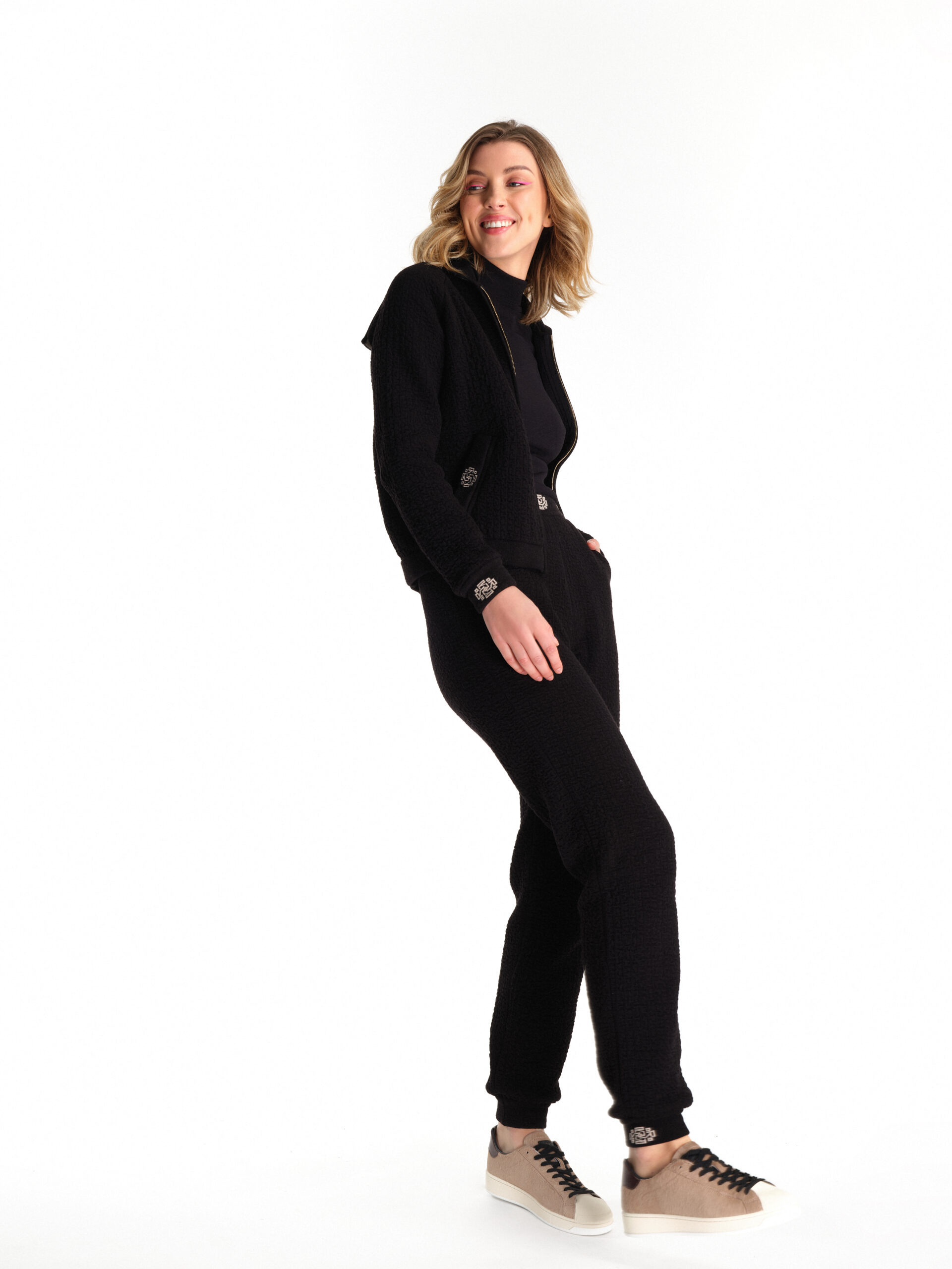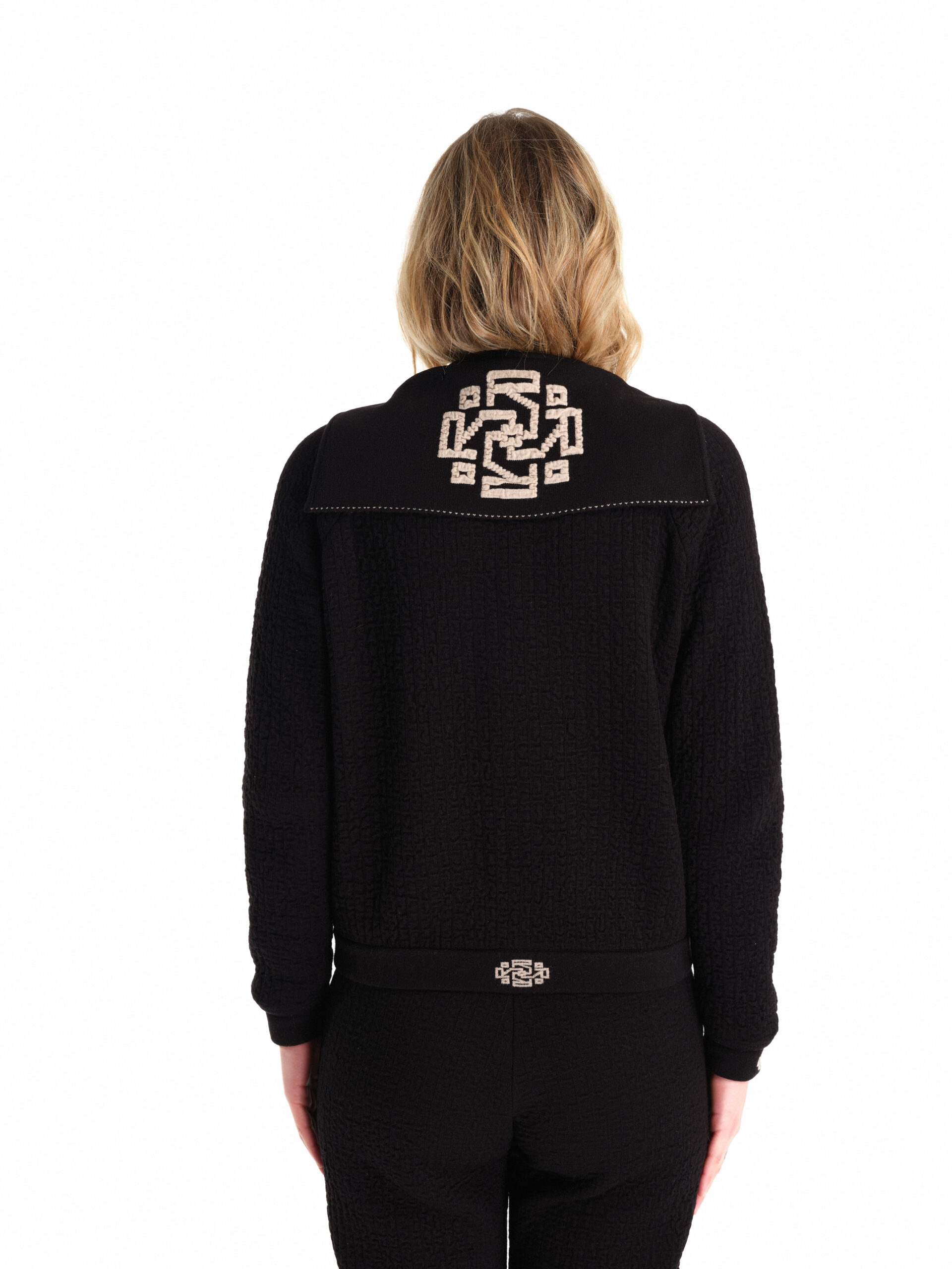 Giacca in maglia di cotone, indeformabile e duraturo. Jacquard in punto Murgia. Morbida e confortevole al tatto. Manica raglan, vestibilità standard.
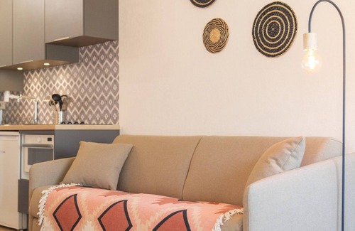 Una cocina equipada: placa vitrocerámica de 3 fuegos, horno combinado horno/microondas, cafetera NESPRESSO, lavadora, refrigerador con compartimento congelador, pack de vajilla completo, fondo de cocina y productos de limpieza.
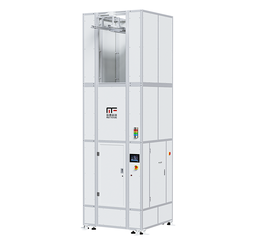 The tower elevator facilitates the placement or lowering of the overhead traveling crane into the track for maintenance using the internal chain. It features a closed design for seamless connection between the OHT track and the ground tooling trolley.
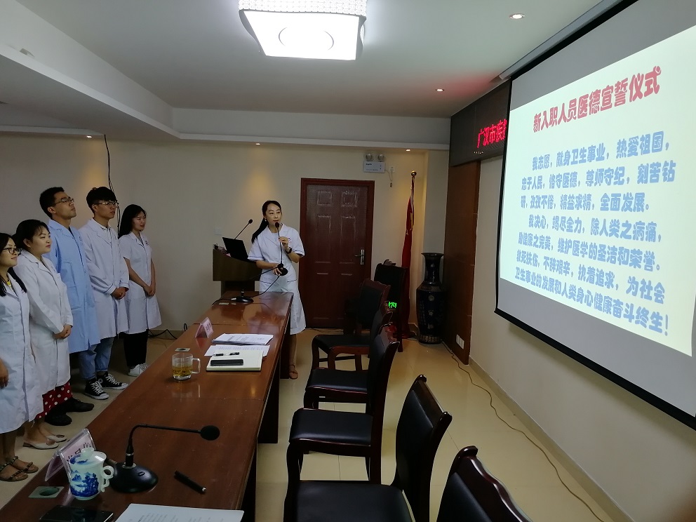 2019年7月15日下午,“我志愿,献身卫生事业,热爱祖国,忠于人民,恪守医德……”整齐洪亮的铮铮誓言回荡在广汉市疾控中心四楼会议室,中心2016年以来新入职的15位卫生健康工作者在中心副主任肖昌华的带领下进行庄严的医德宣誓。宣誓仪式标志着广汉市疾控中心“爱岗敬业三年行动”暨“强医德惠民生主题培训教育”活动正式启动。

What needs to be done
Could you write out exactly the lines of the data above that run from the one holding "Una cocina equipada: placa" to the one holding "The tower elevator", with both ends in and all pictures out?

Task result
 Una cocina equipada: placa vitrocerámica de 3 fuegos, horno combinado horno/microondas, cafetera NESPRESSO, lavadora, refrigerador con compartimento congelador, pack de vajilla completo, fondo de cocina y productos de limpieza.
 The tower elevator facilitates the placement or lowering of the overhead traveling crane into the track for maintenance using the internal chain. It features a closed design for seamless connection between the OHT track and the ground tooling trolley.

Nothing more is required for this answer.